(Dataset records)

»»

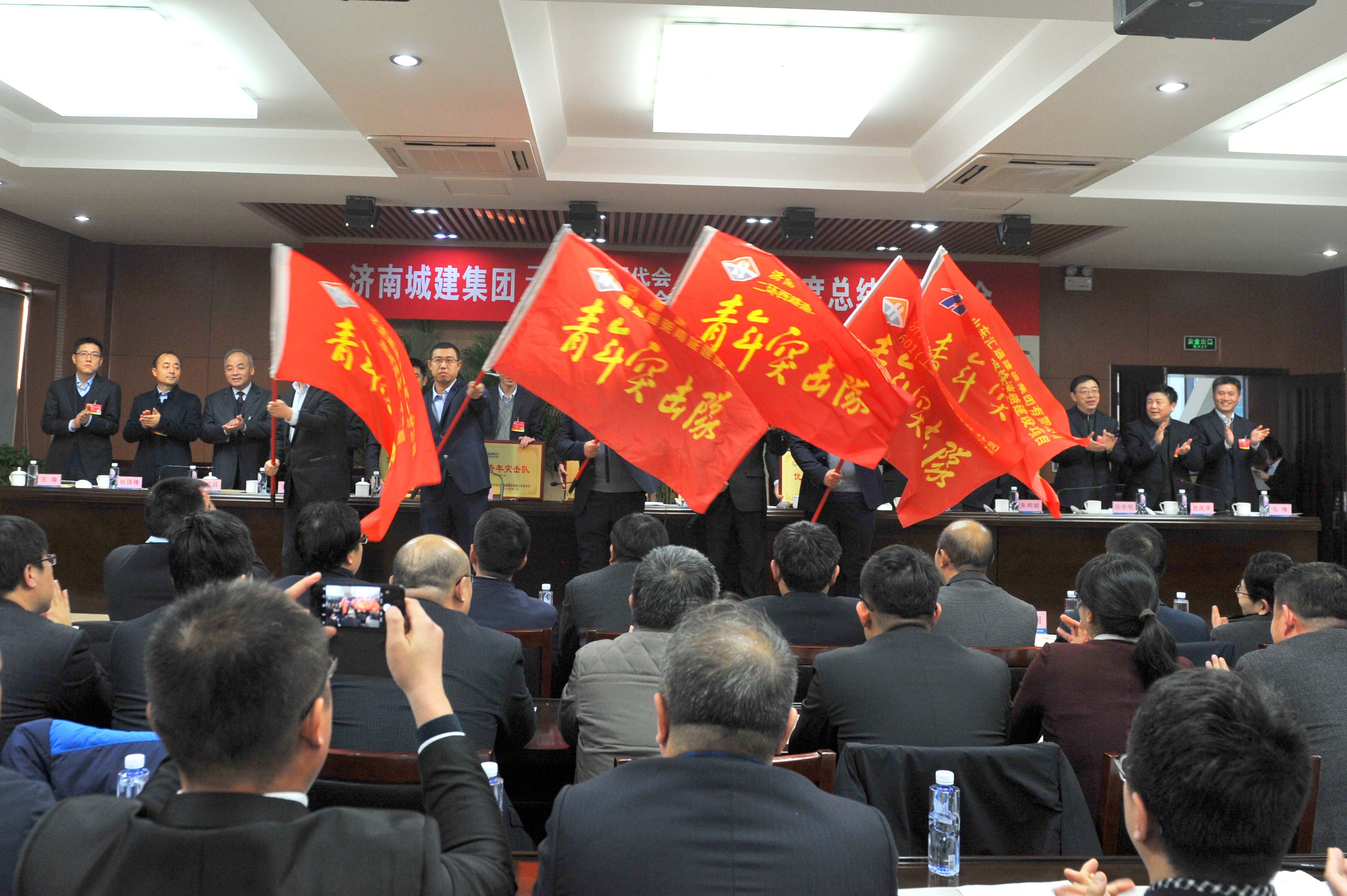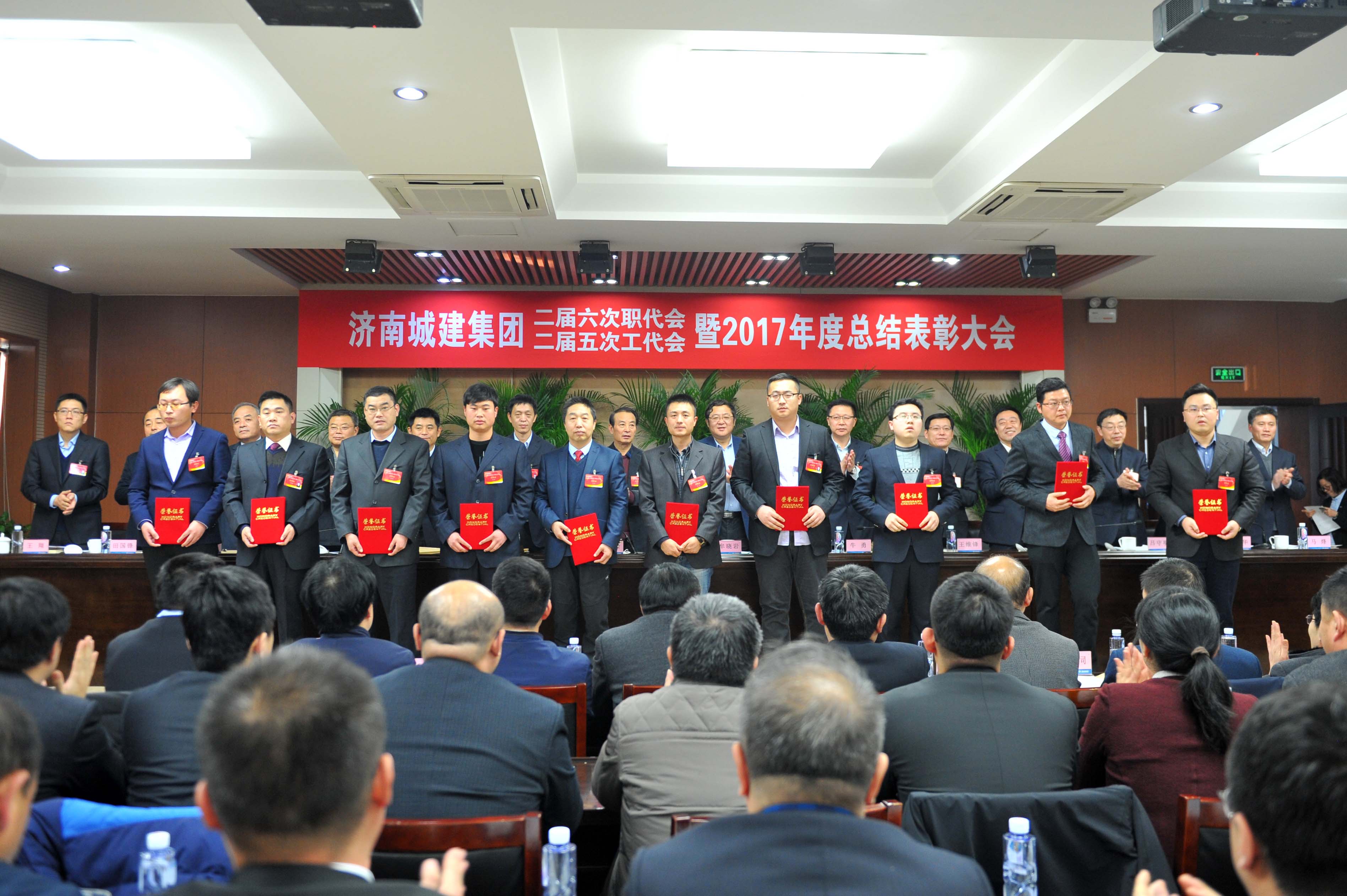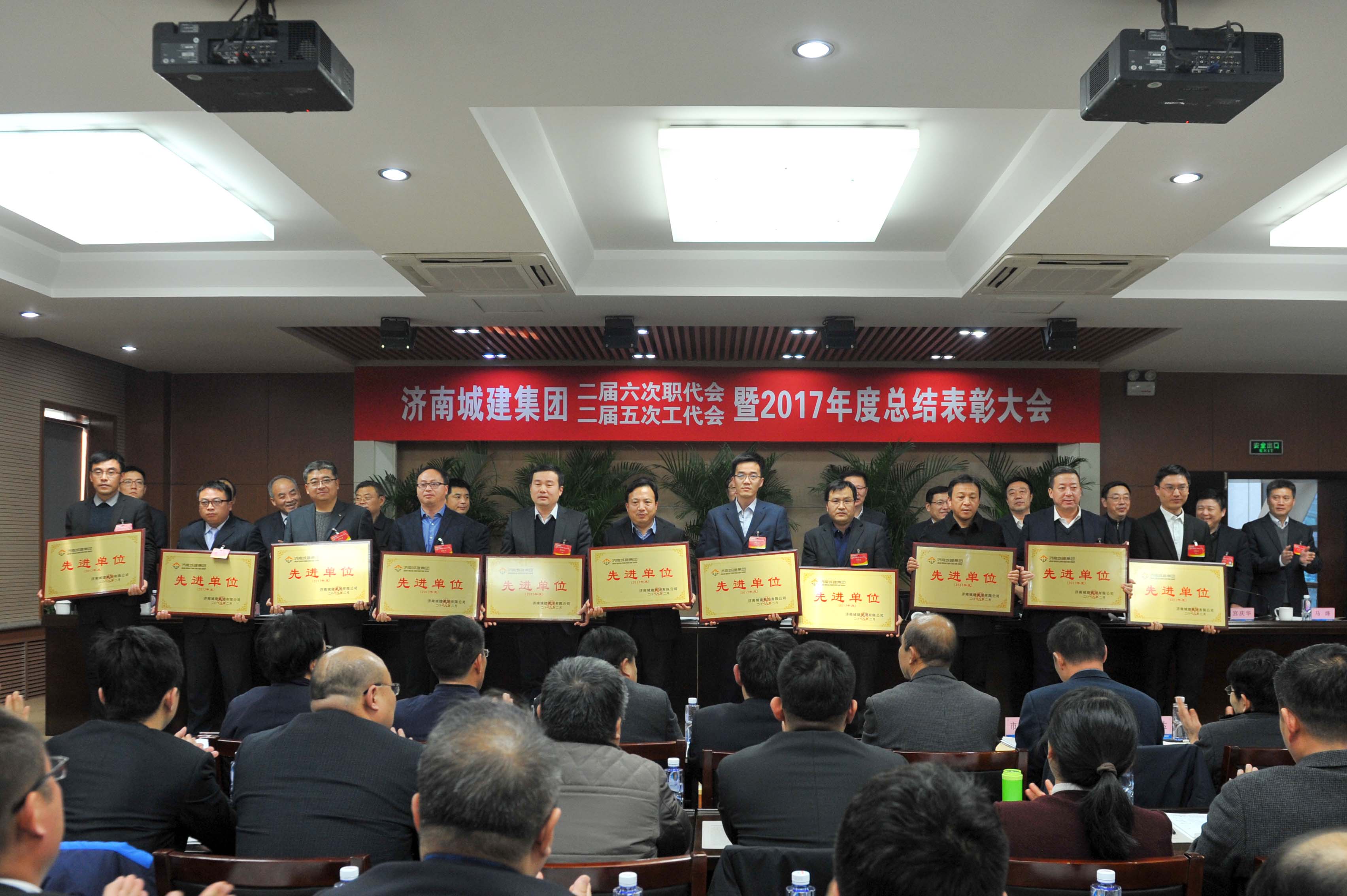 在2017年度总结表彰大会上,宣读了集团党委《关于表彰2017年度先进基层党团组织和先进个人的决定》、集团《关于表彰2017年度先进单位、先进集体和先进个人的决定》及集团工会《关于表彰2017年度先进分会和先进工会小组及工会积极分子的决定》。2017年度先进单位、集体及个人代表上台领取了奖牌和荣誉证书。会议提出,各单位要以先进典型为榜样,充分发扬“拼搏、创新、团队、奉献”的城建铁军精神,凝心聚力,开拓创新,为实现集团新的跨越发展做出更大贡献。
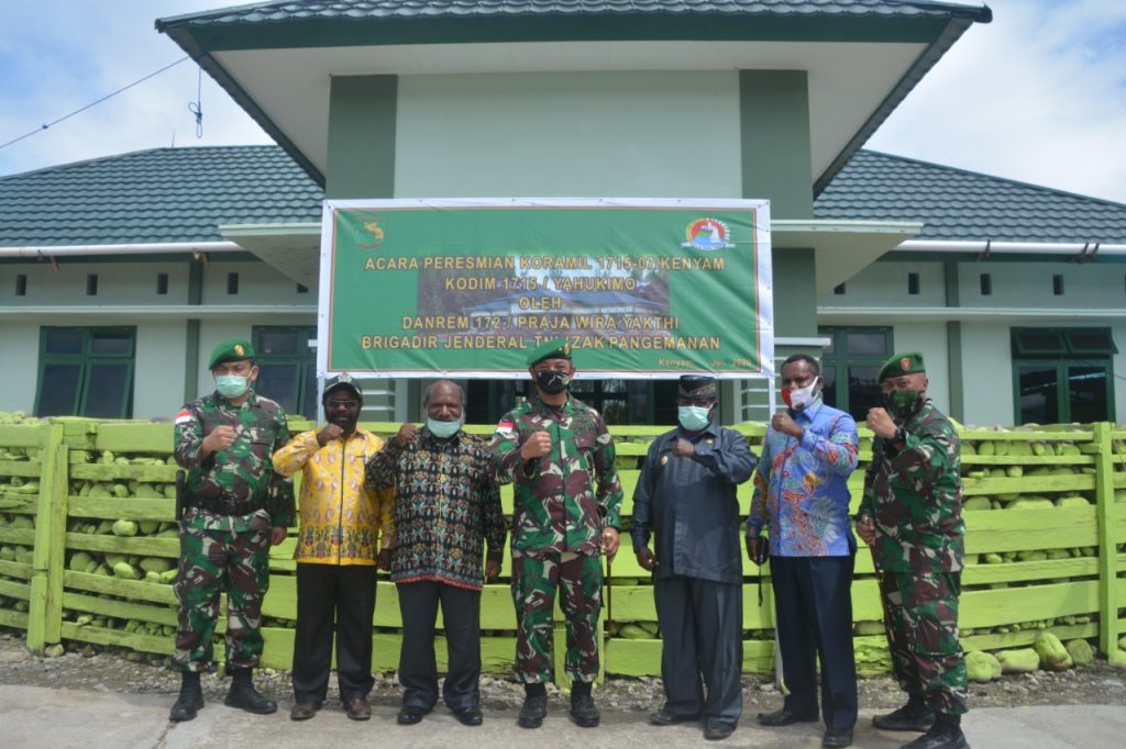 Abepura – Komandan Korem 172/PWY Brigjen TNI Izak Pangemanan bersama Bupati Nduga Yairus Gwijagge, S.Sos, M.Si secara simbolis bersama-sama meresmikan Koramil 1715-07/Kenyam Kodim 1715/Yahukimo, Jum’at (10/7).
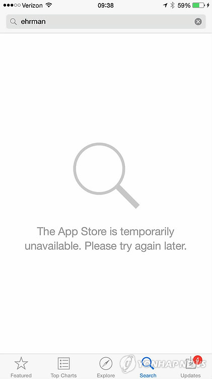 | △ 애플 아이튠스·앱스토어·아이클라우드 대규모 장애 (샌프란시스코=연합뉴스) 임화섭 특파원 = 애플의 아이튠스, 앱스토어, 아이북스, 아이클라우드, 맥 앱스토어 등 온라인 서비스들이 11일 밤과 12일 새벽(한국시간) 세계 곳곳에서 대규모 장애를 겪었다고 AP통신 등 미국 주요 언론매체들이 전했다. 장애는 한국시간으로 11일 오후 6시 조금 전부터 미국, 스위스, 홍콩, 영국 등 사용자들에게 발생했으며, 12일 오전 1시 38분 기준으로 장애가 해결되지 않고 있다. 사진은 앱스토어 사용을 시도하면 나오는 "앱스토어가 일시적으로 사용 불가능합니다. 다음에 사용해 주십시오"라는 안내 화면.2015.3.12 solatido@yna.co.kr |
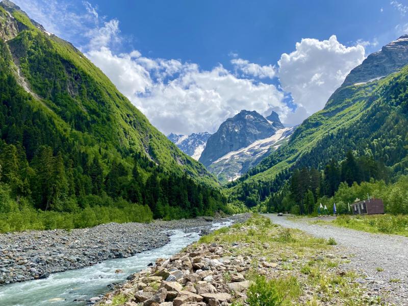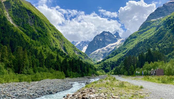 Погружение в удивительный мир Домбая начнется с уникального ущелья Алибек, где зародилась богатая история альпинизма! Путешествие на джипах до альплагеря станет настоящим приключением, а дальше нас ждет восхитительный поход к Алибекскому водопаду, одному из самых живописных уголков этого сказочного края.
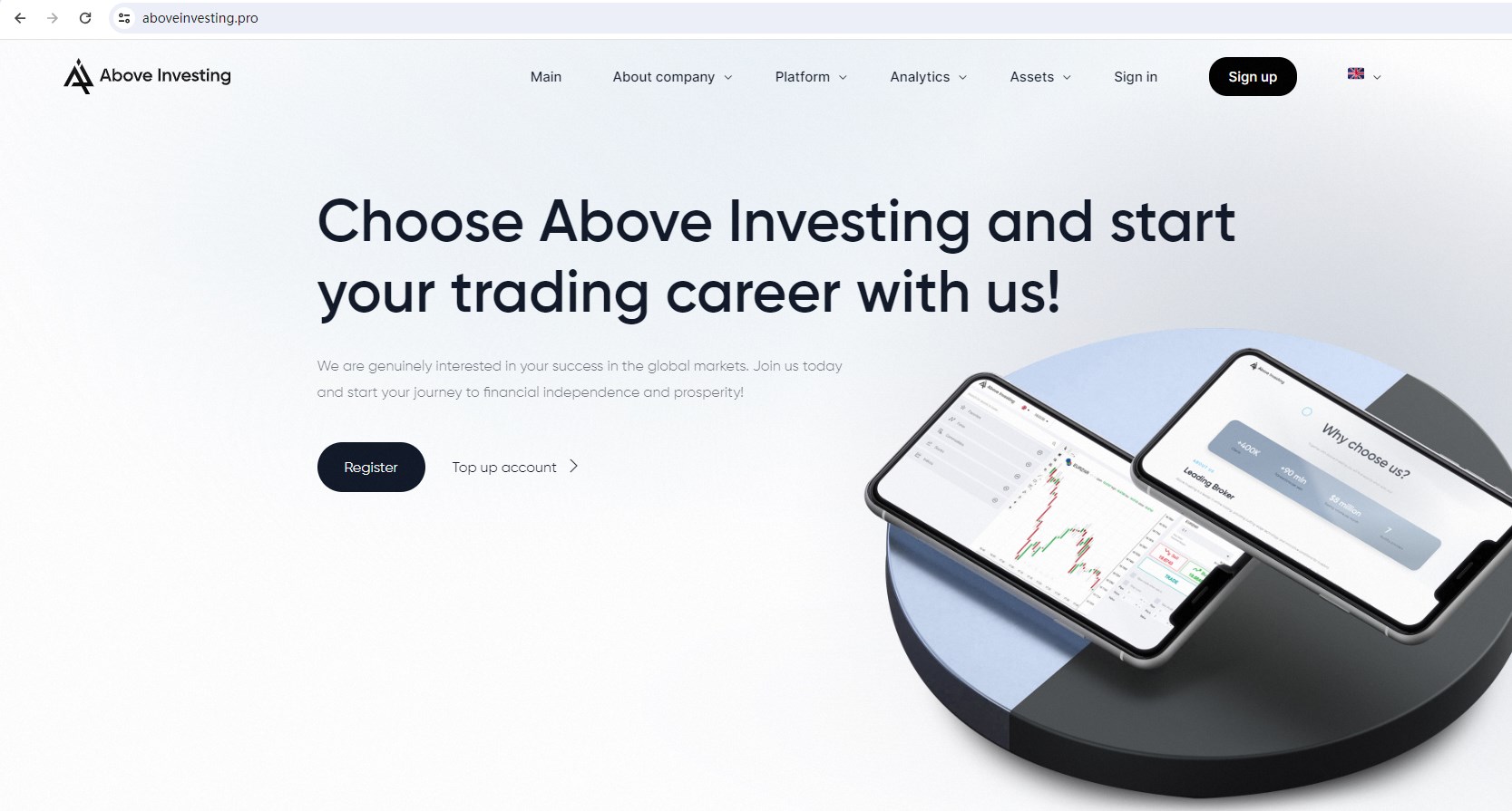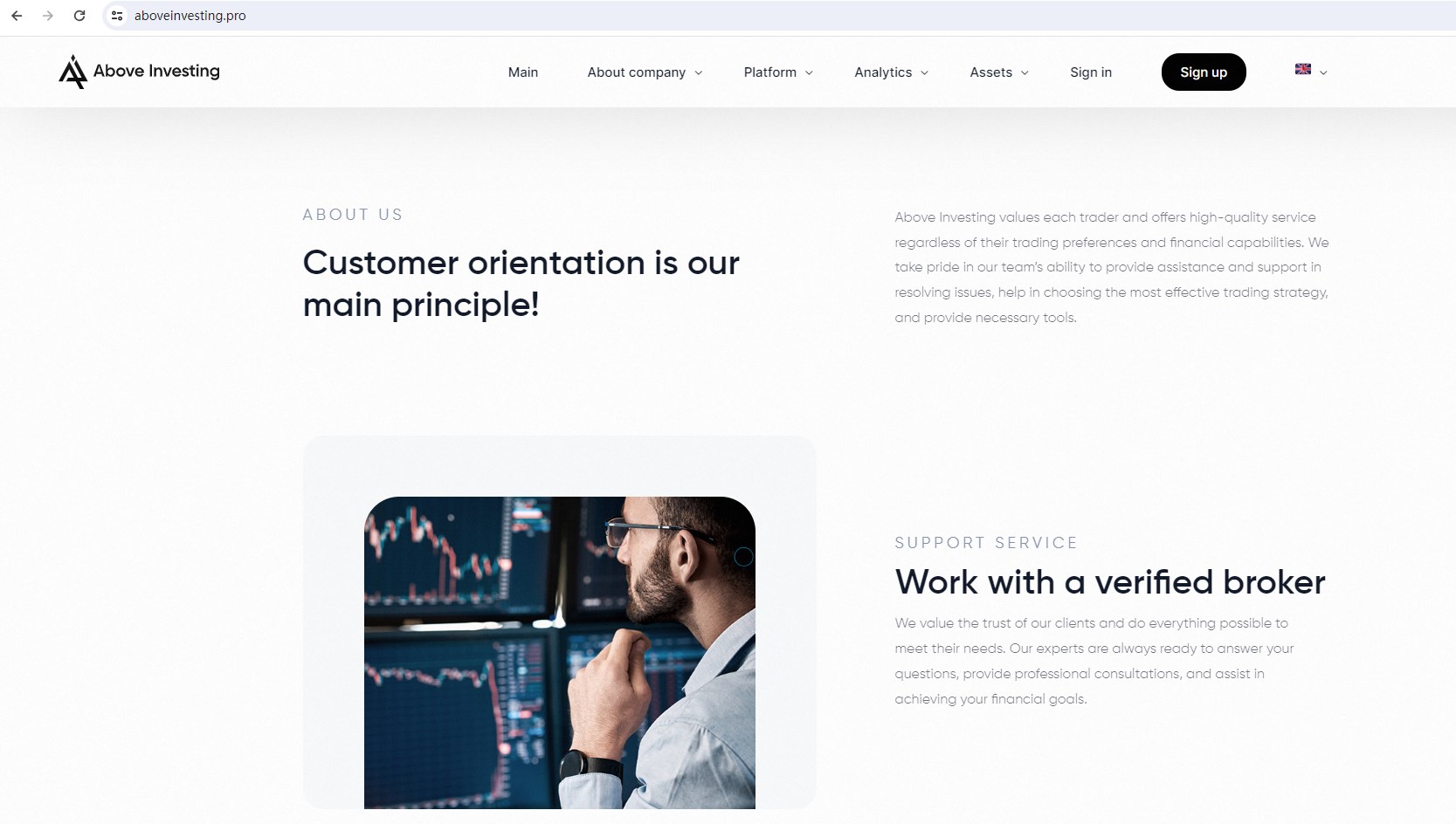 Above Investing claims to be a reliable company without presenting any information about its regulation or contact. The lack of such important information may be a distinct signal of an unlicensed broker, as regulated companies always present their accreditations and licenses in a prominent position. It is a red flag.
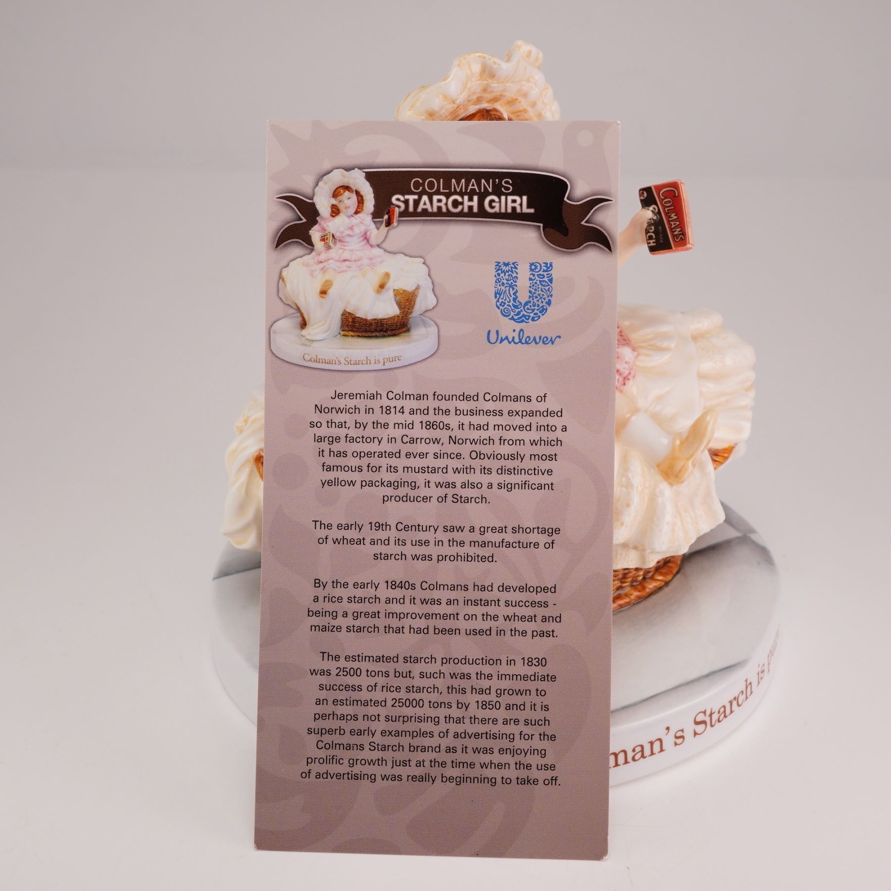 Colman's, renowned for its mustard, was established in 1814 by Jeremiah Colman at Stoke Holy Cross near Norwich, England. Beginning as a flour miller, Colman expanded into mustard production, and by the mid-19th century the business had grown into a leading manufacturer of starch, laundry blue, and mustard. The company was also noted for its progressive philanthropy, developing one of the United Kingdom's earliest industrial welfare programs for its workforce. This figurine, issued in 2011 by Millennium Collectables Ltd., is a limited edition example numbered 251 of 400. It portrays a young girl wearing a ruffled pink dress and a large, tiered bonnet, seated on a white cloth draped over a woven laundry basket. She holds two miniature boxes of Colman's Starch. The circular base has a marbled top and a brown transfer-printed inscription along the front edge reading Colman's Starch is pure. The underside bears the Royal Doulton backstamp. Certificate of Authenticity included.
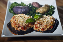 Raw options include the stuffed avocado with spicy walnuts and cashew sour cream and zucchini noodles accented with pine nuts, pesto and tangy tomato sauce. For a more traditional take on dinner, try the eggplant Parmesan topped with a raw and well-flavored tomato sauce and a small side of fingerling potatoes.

««

What this task involves> Though the entries above contain pictures, none should be copied; reproduce only the lines between the one holding "Abepura – Komandan" and the one holding "Погружение в удивительный", inclusive, exactly as written.

Task result>
 Abepura – Komandan Korem 172/PWY Brigjen TNI Izak Pangemanan bersama Bupati Nduga Yairus Gwijagge, S.Sos, M.Si secara simbolis bersama-sama meresmikan Koramil 1715-07/Kenyam Kodim 1715/Yahukimo, Jum’at (10/7).
 | △ 애플 아이튠스·앱스토어·아이클라우드 대규모 장애 (샌프란시스코=연합뉴스) 임화섭 특파원 = 애플의 아이튠스, 앱스토어, 아이북스, 아이클라우드, 맥 앱스토어 등 온라인 서비스들이 11일 밤과 12일 새벽(한국시간) 세계 곳곳에서 대규모 장애를 겪었다고 AP통신 등 미국 주요 언론매체들이 전했다. 장애는 한국시간으로 11일 오후 6시 조금 전부터 미국, 스위스, 홍콩, 영국 등 사용자들에게 발생했으며, 12일 오전 1시 38분 기준으로 장애가 해결되지 않고 있다. 사진은 앱스토어 사용을 시도하면 나오는 "앱스토어가 일시적으로 사용 불가능합니다. 다음에 사용해 주십시오"라는 안내 화면.2015.3.12 solatido@yna.co.kr |
 Погружение в удивительный мир Домбая начнется с уникального ущелья Алибек, где зародилась богатая история альпинизма! Путешествие на джипах до альплагеря станет настоящим приключением, а дальше нас ждет восхитительный поход к Алибекскому водопаду, одному из самых живописных уголков этого сказочного края.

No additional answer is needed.